Год великого перелома
Шрифт:
— Ну? Чего встала? — спросил Игнаха.
— Я, батюшко, водиться с ребеночком.
— Ну так и иди.
Сопронов отвернулся к Мите Куземкину и поздоровался с ним за руку:
— Пошли сразу в читальню! Митя в недоумении крякнул:
— Пошли. Я что… Каково ночевалось-то?
Холостяк Митя, конечно же, намекал на ночь, проведенную Сопроновым с женой в поповской кровати. Сопронов сдержался. Отмолчался.
Деревня сегодня безлюдна, спокойна. Дымились последние запоздалые печи. Небо начинало светлеть, вставала розовая заря. Словно и не было вчерашней суматохи.
— Где корова?
— Какая корова? — Митя сначала как бы не понял. — Твоя!
— Дома… — признался Митя. — Забыл сказать, вчера-то…
— Девичья у тебя стала память, Куземкин. А лошадь?
— Лошади, Павлович, у меня не было.
Труба над лошкаревскою крышей дымила в синее шибановское небо. В избе-читальне опять было дымно, но не от печи, а от трубокуров. Миша Лыткин и Кеша Фотиев сидели на корточках и палили махорку. Селька топил печку точеными балясинами, выломанными из перил лошкаревской лестницы. Сопронов за руку поздоровался с Кешей и с Мишей Лыткиным. Сел за стол, на котором лежал вчерашний дресвяный камень.
— Так…
Все стихли. Игнаха обвел активистов почти добродушным взглядом.
— Так… Где десятской?
— Дак тут вроде, прибегала уж… Тонька-то пигалица, — осторожно сказал Миша Лыткин, и снова стало тихо. Только трещали и плавились в печке крашеные точеные балясины.
— Ну, вот что! — сказал Игнаха. — Ты, Миша, беги за десятским… И ты, Сильверст, иди по своим делам! Скажи жонке, чтобы к вечеру баню… А ты, Асикрет Ливодорович, пока останься.
Когда Лыткин и Селька исчезли, Сопронов поглядел на Кешу:
— Какова жизь, Асикрет Ливодорович?
— Да ведь что, Игнатей да Павлович, — поежился Кеша. — Жизь она все такая, все вверьх головой.

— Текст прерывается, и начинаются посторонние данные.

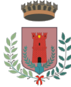
Comune di Poggio Mirteto
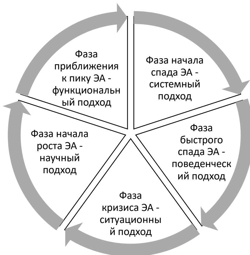
Рис.2. Синхронизация фаз экономической активности в рамках циклов Н.Д. Кондратьева и используемых в рамках циклов К. Жугляра подходов к менеджменту при пятифазной модели развития менеджмента [21].

Очевидным достоинством пятифазной модели развития менеджмента (рис.2) по сравнению с четырехфазной (рис.1) является привязка к историческим этапам развития менеджмента.
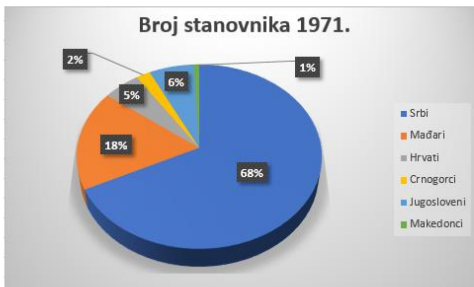
Slika 2. Udio pojedinačnih etničkih skupina u Novom Sadu 1971. godine

Kao što možemo vidjeti broj Srba se je znatno povećao dok je broj Hrvata neznatno porastao, a ostale etničke skupine su izgubile određen broj stanovnika. To se može vidjeti na Slici 2. Dakle 1971, godine Srbi čine 68 % posto stanovništva, Mađari 18 %, dok Jugoslaveni i Hrvati 5 % stanovništva.
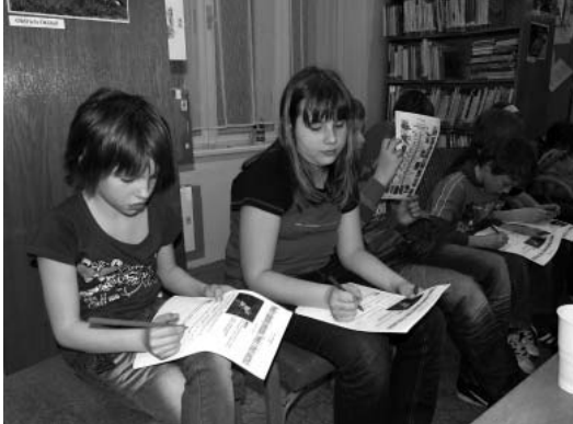
Řešení zábavných, ale i naučných kvízů – jeden z mnoha úkolů, které zvládli malí čtenáři na jedničku s hvězdičkou.

proč se Děvičkám říká právě Dívčí hrady? Nebo víte, jak přišli Lichtenštejn k zámku v Lednici a ke svému jménu? A že ten brněnský drak není tak úplně drak? Když se zeptáte dětí z Noci s Andersenem, tak Vám to určitě všechno řeknou.
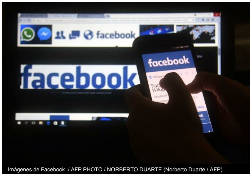
Imágenes de Facebook.
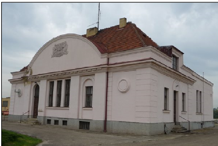
E15F1 – Vysílací stanice Brno-Komárov – už odstrojená a nevysílající, ale v původní podobě (r.2024)
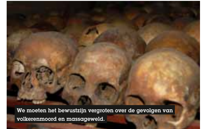
We moeten het bewustzijn vergroten over de gevolgen van volkerenmoord en massageweld.

"Onderwijs kan een rol spelen in het voorkomen van massageweld"
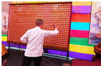
阿彌陀佛開燈暨加持甘露水之景
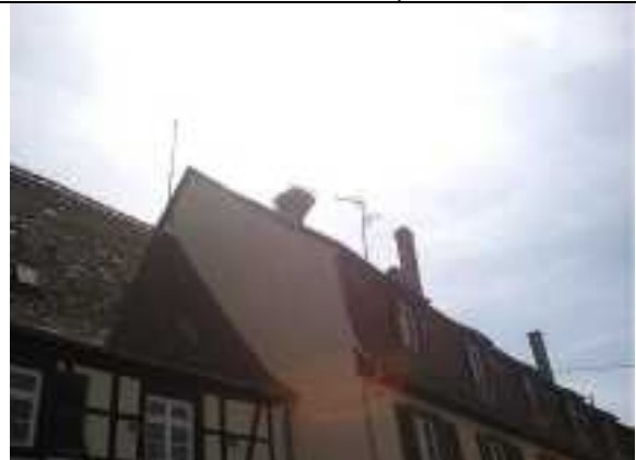
Nid de cigogne
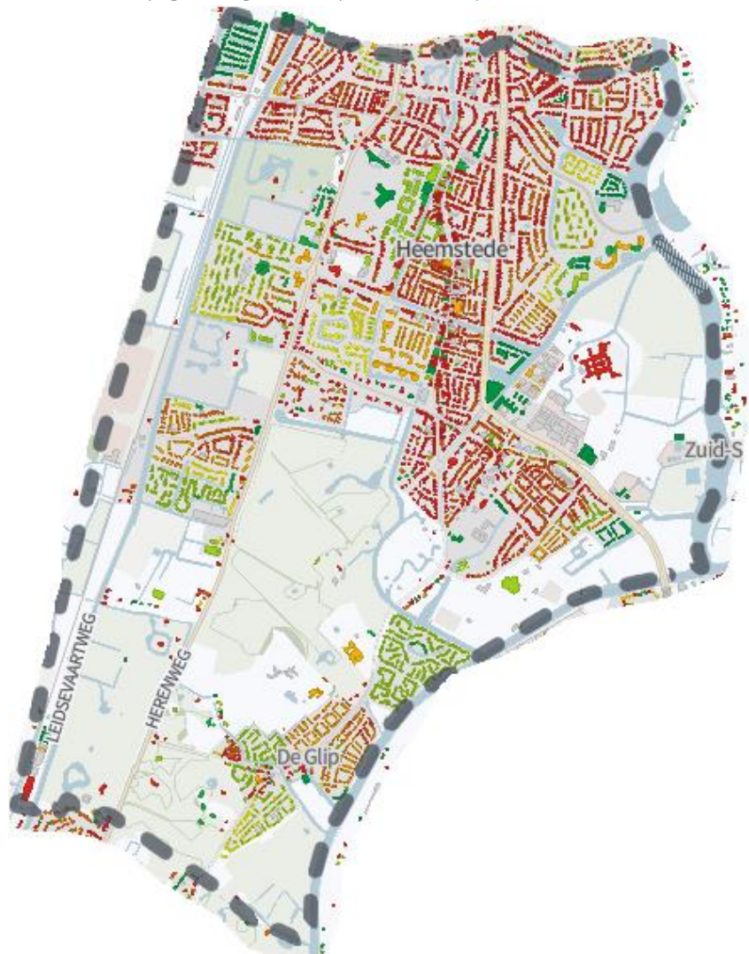
Kaart voorlopig energielabel (Heemstede)
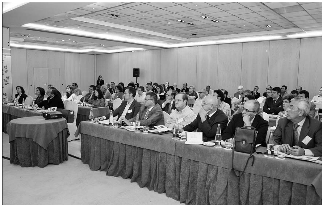
Los asistentes a la Jornada escucharon atentamente las intervenciones de los ponentes.

Sobre su incidencia directa en el PIB, el informe de la Universidad
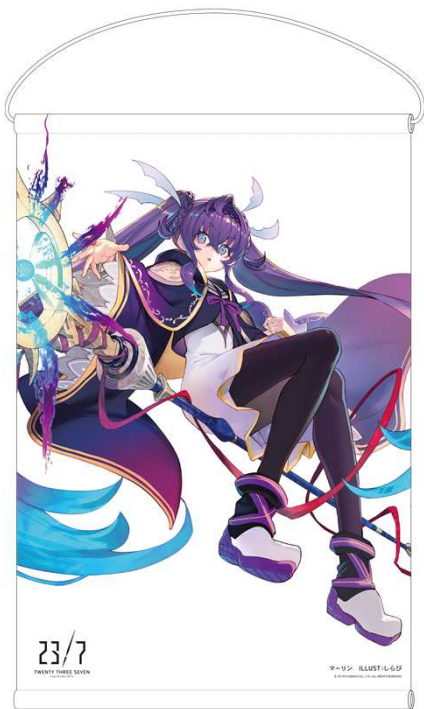
キャラクタータペストリー

※オリジナルグッズの限定セットは、キャラクターが異なる「白ver.」と「黒ver.」の全2種類をご用意しております！
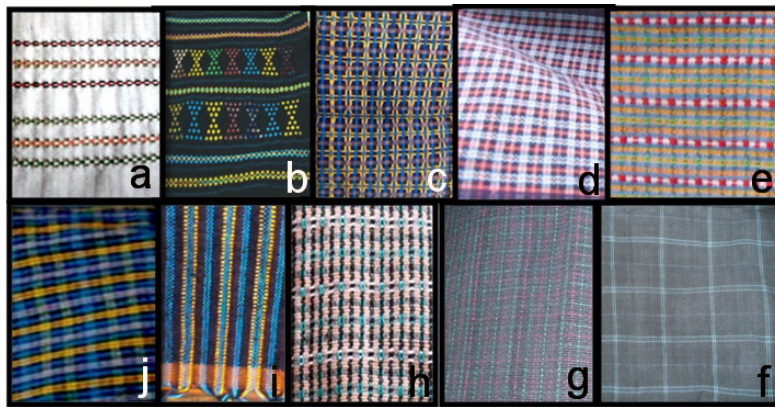
Gambar 3 Motif kain tenun suku Baduy Luar (a) Motif Tajur Pinang , (b) Motif Adu Mancung , (c) Motif Suat Kembang Gedang , (d) Motif Suat Samata , (e) Motif Suat Balingbingan , (f) Motif Sarung Poleng Kacang Herang Carang (Sarung Lelaki), (g) Motif Sarung Kacang Herang Kerep (Sarung Perempuan), (h) Motif Suat Mata Baru , (i) Motif Susuatan/Sanglur/Batik Baru dan (j) Motif Suat Songket .
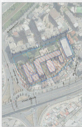
POZICIONI KADASTRAL SHK. 1:2000
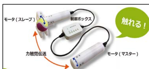
モーションリップ株式会社 世界最小のリアルハプティクス装置 「ポータブル力触覚デバイス」
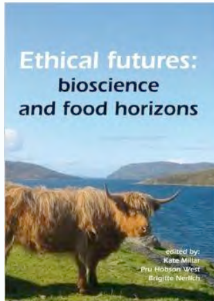
Biociencias y horizontes alimentarios Universidad de Nottingham, 2009
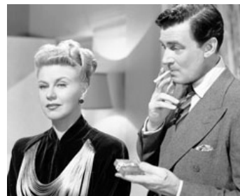
1945 WEEK-END AU WALDORF (Weekend at the Waldorf) de Robert Z. Leonard avec Ginger Rogers
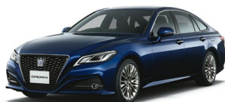
DK. BLUE MC.<8S6>
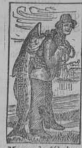
Marca de fábrica.
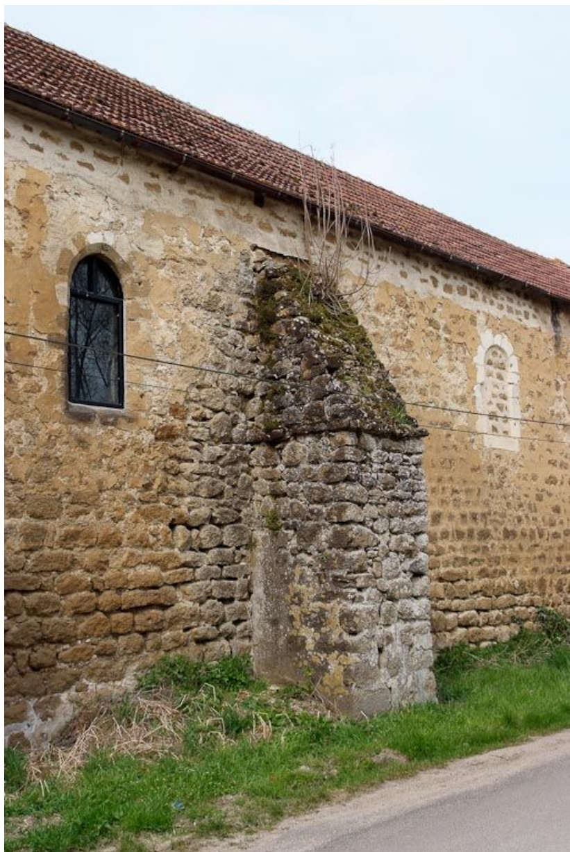
Chapelle : deuxième contrefort entre deux fenêtres du mur de long-pan sur rue. 89, Saint-Florentin, lieudit : la Maladrerie
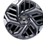
DISK Z LAHKEJ ZLIATINY 18" CAMELIA COLORÉE
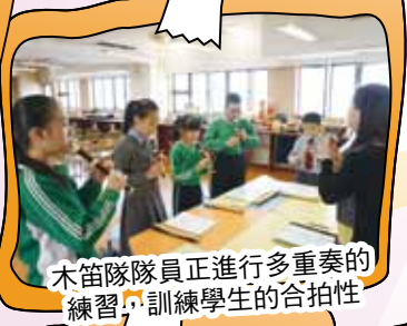
木笛隊隊員正進行多重奏的練習，訓練學生的合拍性
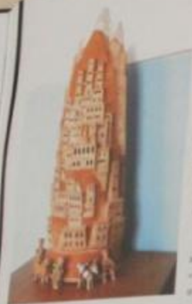
Декоративная высокая ваза
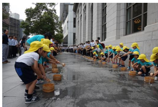
【昨年の打ち水の様子】

※取材をご希望の方は、8月7日(水)までに別添申込書に必要事項をご記入の上、FAXにてご連絡ください。
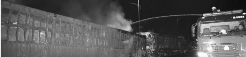
现已初步查明,发生爆燃事故是由于

11月30日,河北省张家口市召开“11·28”爆燃事故新闻发布会通报事故原因初步调查结果
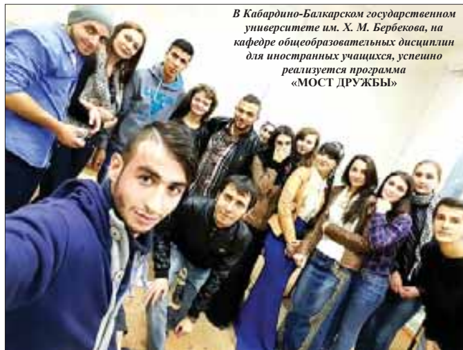
В Кабардино-Балкарском государственном университете им. Х. М. Бербекова, на кафедре общеобразовательных дисциплин для иностранных учащихся, успешно реализуется программа «МОСТ ДРУЖБЫ»

Проект «Мост дружбы» (Bridge of Friendship) предназначен для помощи иностранным студентам в социально-культурной адаптации с привлечением местных студентов-тьюторов.
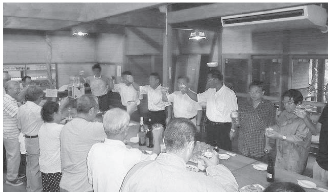
盛会に開催された親睦ビアパーティー

8月26日(日)、カフェ・ロシェを会場に秋保支部ビアパーティーが開催された。残暑の厳しい中多くの支部会員が参加し、夕べのひとつとき和やかに親睦と懇親を深め、盛況のうちに終了した。
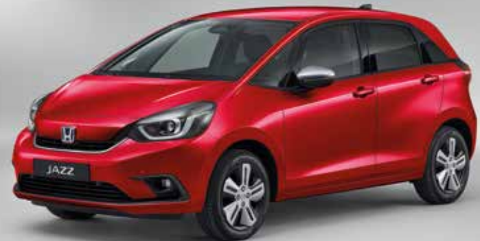
PRÉMIOVÁ METALICKÁ CRYSTAL RED
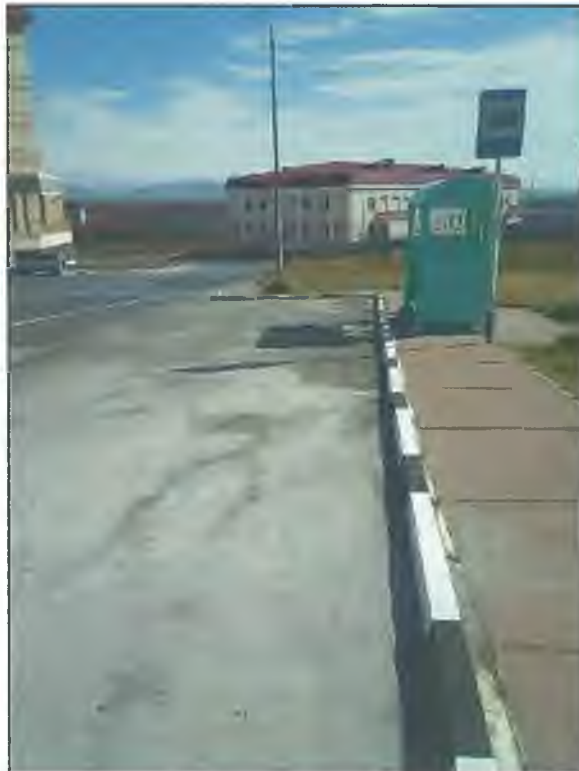
Фото Т3. Путь движения по территории от остановки № 3

— Не напостыла тебе твоя изба? Ежели не напостыла, дак и живи.
— Да ведь я што, я бы, конешно дело, пожил бы и в опушоном дому. Да, вишь, средствов-то нет, ежли купить.
Сопронов отодвинул на столе камень и подвинул чернильницу.
— Вот! Пиши заявленье. Дадим тебе в счет колхозной ссуды дом Евграфа Миронова!
Кеша не поверил своим ушам:
— Евграфов?
— Евграфов.
Кеша опять как-то остолбенел. Но постепенно стал оживать, задвигался на скамье, начал глядеть то на Сопронова, то на Куземкина.
— Пиши, пиши! — поддержал Куземкин. — Вот тебе чистая грамота.
— Дак это… А самово-то ево куды?
— Ево в твою. Ежели не отправим еще дальше, — сказал Сопронов.
— Да я, вишь, это… Грамота-то моя не больно. Ежели бы кто написал, а я расписаться-то дюж.
— Ну, с тебя пол-литра, — сказал Митя. — Я тебе напишу заявленье…
Митя взял клок бумаги и сел за стол. Сопронов разглядывал камень.
— Дресва… Из банной шайки. Вот только из чьей шайки? Как думаешь, Асикрет Ливодорович?
Ошеломленный Кеша не сразу и понял, о чем его спрашивают.
— Шаек-то, Игнатей, оно много… В кажной бане есть. Шаецьки-ти. Думаю, надо робетешек спросить, дело такое. Игрище было у Самоварихи… Жучкове семейство ночует там жо…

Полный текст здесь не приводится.